▶ [Data shown]
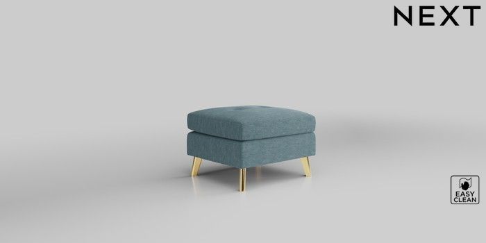 6.12.1 Buy Wilson Buttoned Back Footstool Fine Chenille Easy Clean Mid Blue Metal Tapered - Gold from the Next UK online shop Click here to use our accessible website
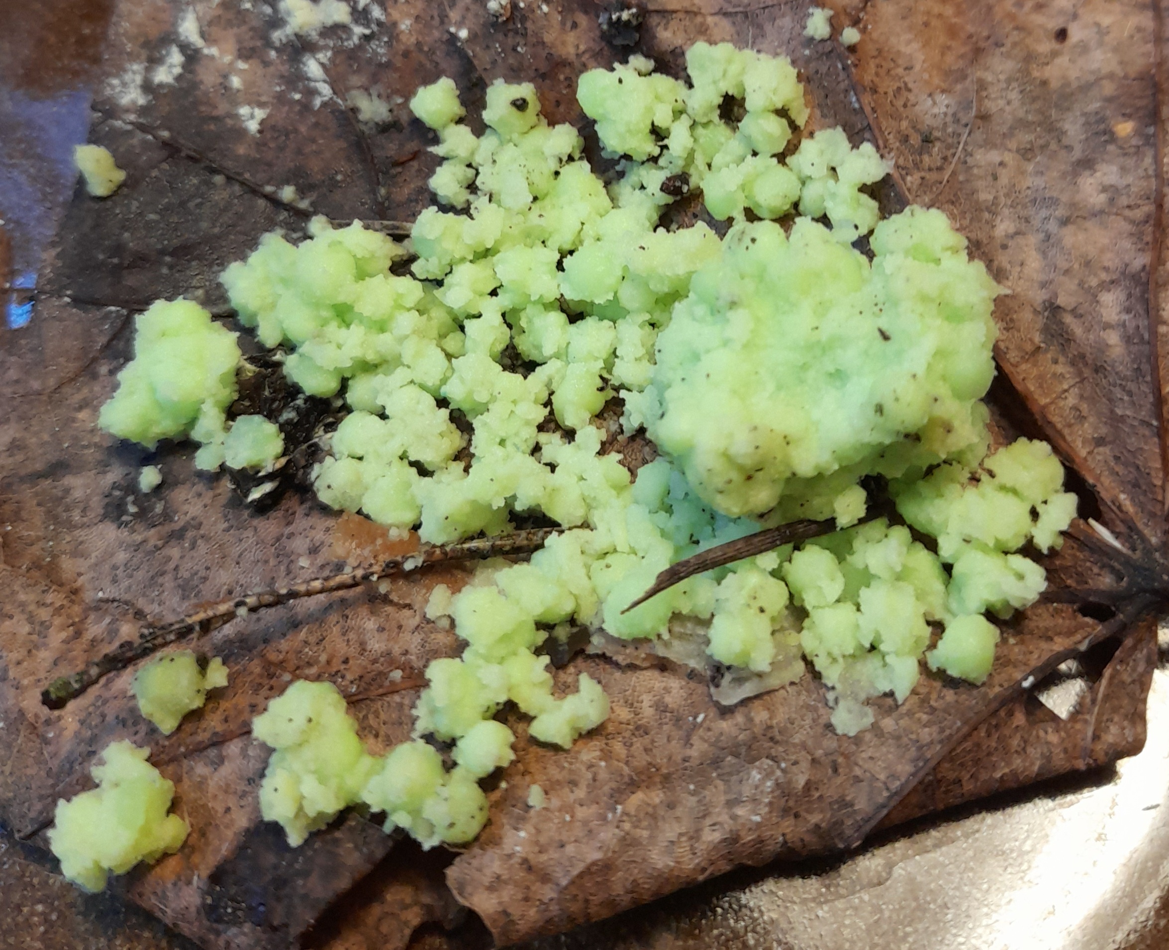 Jag har hittat två klumpar med kulor i trädgården. De är limegröna, porösa, och luktfria. De låg på en bädd av lönnlöv bland lönn, tall och andra lövträd. Vissa kulor är porösa, andra fasta. Jag tänker spontant på (snigel?)ägg, svamp eller svamp som angripit ägg. Sista bilden är en delad kula med fast konsistens. Vad är det för något?
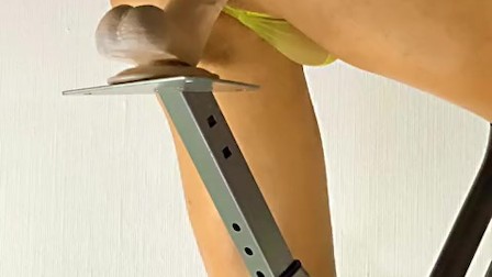 Cycling Workout Riding on Exercise Bike in Yellow Thong
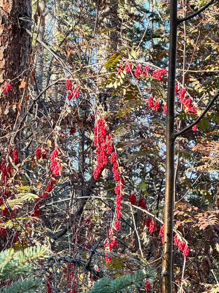 Начиная от просто шиповника, до красной облепихи, боярышника, калины, барбариса, саскатунберри, черемухи, земляники, малины, мяты и так далее:) И Серега у нас большой любитель, знаток и ценитель леса и его даров. Потому он часто возвращается из прогулок по лесу с добычей, которую мы потом съедаем. Делаем свежее варенье из ягод (не варим, а замораживаем перетертые с небольшим количеством сахара), и что-то сушим. Барбарис чудесно идет к рису и плову:) В общем прикалываемся как можем:)
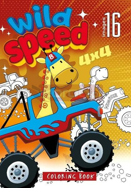 Kolorowanka dla dzieci. Na każdym z 16 obrazków znajduje się obrazek związany wyścigami monster trucków, który tylko czeka żeby nabrać kolorów. Wyprodukowana na Ukrainie.
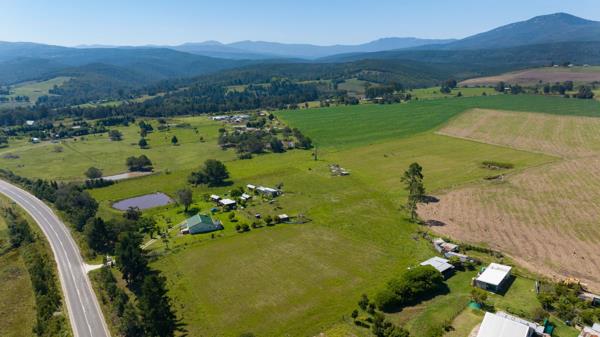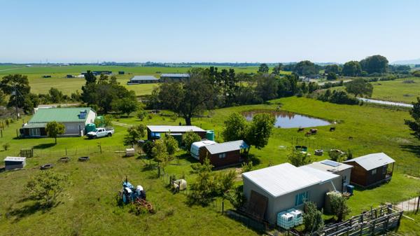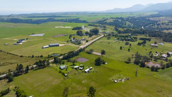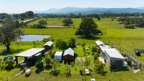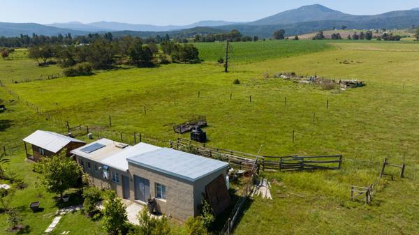5.2 Hectares Smallholding with panoramic views Hoekwil. New improved price. Dreaming of a little farm in Africa? This is it! The cleared, and level property is perfect for raising cattle and growing crops. The property already boasts multiple established fruit trees. Indicators of underground water give it the opportunity of a borehole to supplement the 2 dams and water tanks (capacity of 25,000 liters) Electric wired camps and Eskom 3 phase electricity. Zoned Agricultural I.

▶ [Aim of the exercise] Retype each line of the data exactly, beginning with the first; include the line containing "Cycling Workout Riding" and stop there, skipping every picture.

▶ [Final answer]
 6.12.1 Buy Wilson Buttoned Back Footstool Fine Chenille Easy Clean Mid Blue Metal Tapered - Gold from the Next UK online shop Click here to use our accessible website
 Jag har hittat två klumpar med kulor i trädgården. De är limegröna, porösa, och luktfria. De låg på en bädd av lönnlöv bland lönn, tall och andra lövträd. Vissa kulor är porösa, andra fasta. Jag tänker spontant på (snigel?)ägg, svamp eller svamp som angripit ägg. Sista bilden är en delad kula med fast konsistens. Vad är det för något?
 Cycling Workout Riding on Exercise Bike in Yellow Thong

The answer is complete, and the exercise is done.